Cuando comenzaron a salir juntos, Andrés se dio cuenta de que, para comprender a esa hermosa mujer llamada Elisa, no era suficiente con estar literalmente pegado a un diccionario. Su novia era demasiado instruida, exageradamente intuitiva, y por tanto mucho más lista de lo que él podría llegar a ser nunca. Por lo mismo, no entendía por qué ella se había enamorado de alguien como él. Vaya suerte.
Se casaron enseguida y felices se compraron un ático que daba al poniente, en una séptima planta de un moderno edificio, ya que a Elisa le gustaba ver la luz del atardecer en el horizonte, mientras las sombras se iban extendiendo sobre los tejados. A partir de entonces, Andrés se dedicó a trabajar y a contentar a su maravillosa esposa, que, por lo pronto, no tenía ni deseaba buscar un empleo. Otro punto a su favor. Vaya suerte había tenido…

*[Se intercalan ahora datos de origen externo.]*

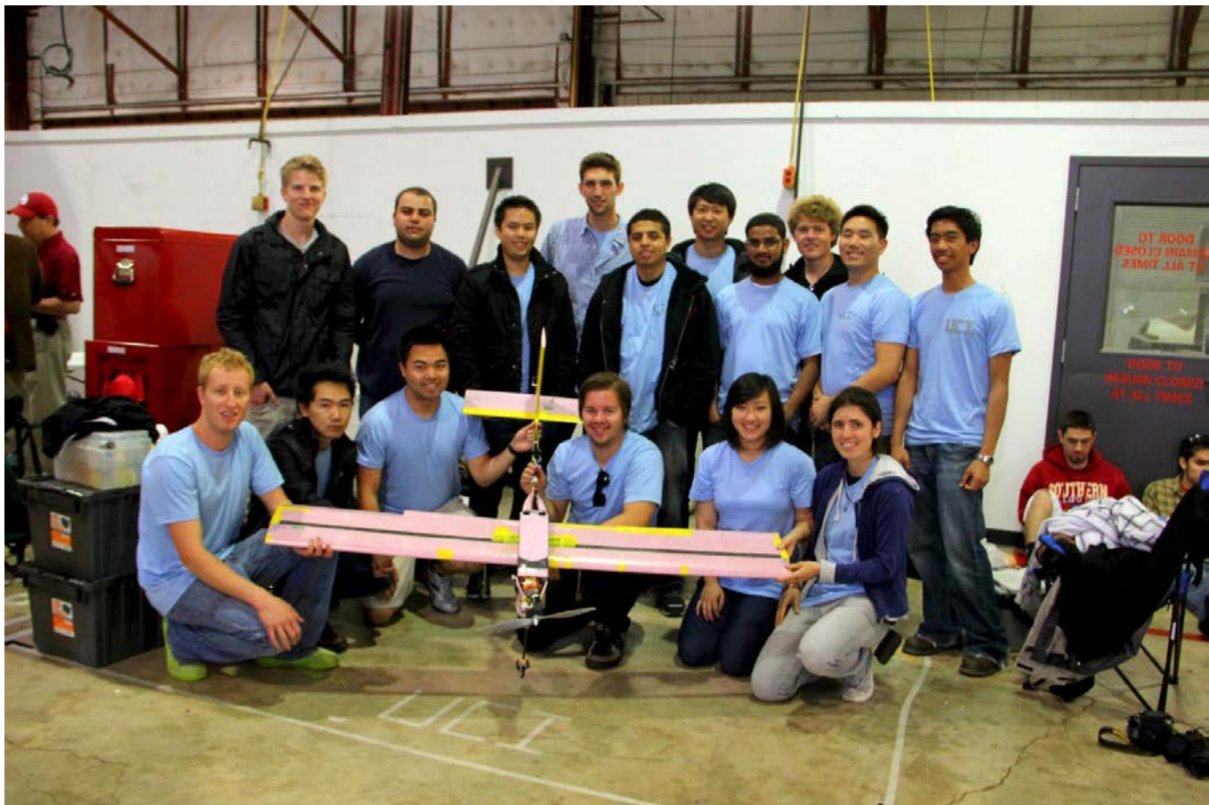
Second Place Winner: University of California at Irvine: Angel of Attack.
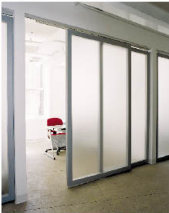
S82-metallic mesh frame and clear frosted acrylic
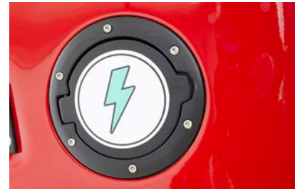
External Charge Port
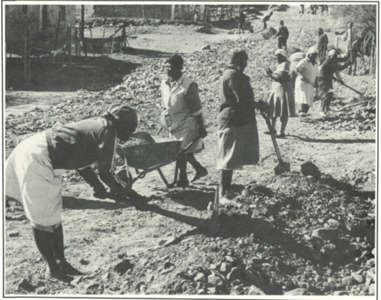
Women working for 50c a day in Bricksfield location.
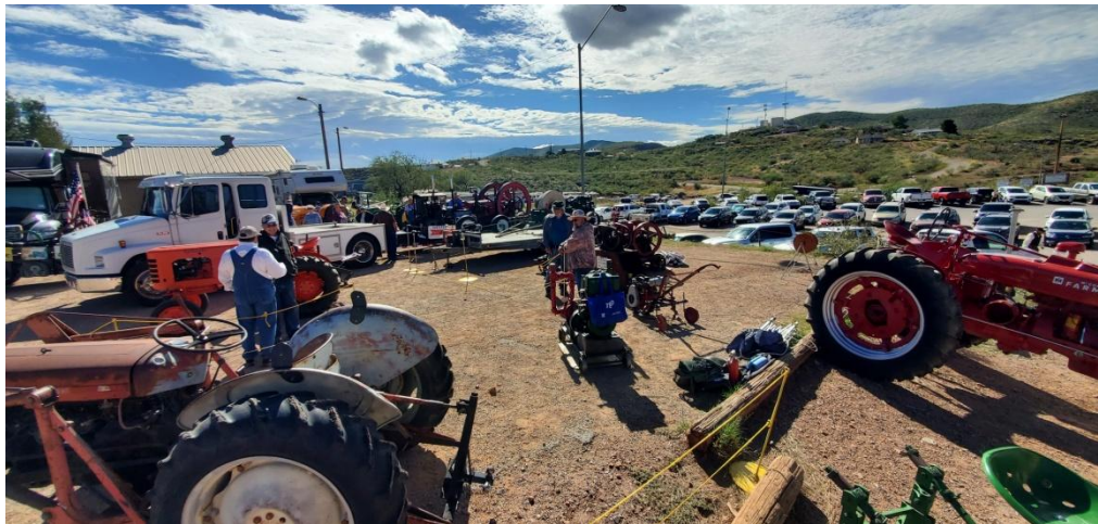
Helldorado Days 2022

Andrés se quedaba embelesado contemplando a Elisa, cuando, esta, atendiendo las tareas del hogar, se movía entre los muebles y cacharros con agilidad felina: la mujer más ágil, sensual y libre que había visto nunca. Mimosa, se dejaba acariciar solo porque le apetecía tanto como lo deseaba él, y debido a eso hacían el amor constantemente, apasionadamente, hasta el punto de acabar él con más de un arañazo en su espalda. No habían tenido hijos y eso lo apenaba. Pero a Elisa parecía no importarle. Decía que ya había tenido muchos hijos en sus vidas anteriores; y quería aprovechar el presente para encontrar el modo de renacer en el cuerpo de una maravillosa pantera negra. Él se reía de sus ocurrencias. Su mujer era tan graciosa… Lo único que lo desconcertaba era la afición de Elisa. Le gustaba perderse durante horas en completa soledad; decía que necesitaba pensar, que perderse por los campos y contemplar a los pájaros, la ayudaba a ello. A Andrés no le agradaba saberla tan lejos, tantas horas, pero primero que nada estaba la felicidad de su adorada esposa.

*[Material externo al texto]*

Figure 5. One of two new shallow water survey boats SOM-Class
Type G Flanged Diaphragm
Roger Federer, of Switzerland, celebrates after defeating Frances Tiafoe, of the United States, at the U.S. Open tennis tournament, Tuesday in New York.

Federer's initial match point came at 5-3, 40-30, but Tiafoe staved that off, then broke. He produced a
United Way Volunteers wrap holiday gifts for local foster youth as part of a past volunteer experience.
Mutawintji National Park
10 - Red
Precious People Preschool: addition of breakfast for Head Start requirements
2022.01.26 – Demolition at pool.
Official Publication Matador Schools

Sin embargo, esa mañana… ¿De verdad había visto lo que había visto o fue solo un sueño? Recordaba vagamente que despertó sobresaltado; apenas eran las dos de la madrugada y Elisa, no estaba a su lado. Echándola de menos, la buscó por la casa. Escuchó un maullido y salió a la terraza. Se sorprendió. Una preciosa gata se dirigía al pretil. De un salto, la gata se dejó caer en el tejado vecino, tres plantas por debajo del suyo. Él se asomó asustado, temiendo que el felino se hubiese hecho daño, pero los gatos tienen siete vidas, y esta estaba feliz relamiéndose los bigotes. Entonces se dio cuenta de que la gata lo contemplaba y un extraño escalofrío lo recorrió y le erizó toda la piel. La mirada gris brillante seguía clavada en sus ojos. Desde esa distancia pudo ver las lágrimas brotar de aquellos rasgados ojos de gata, grises brillantes, amorosos. Supo que el felino se estaba despidiendo de él. ¿Por qué?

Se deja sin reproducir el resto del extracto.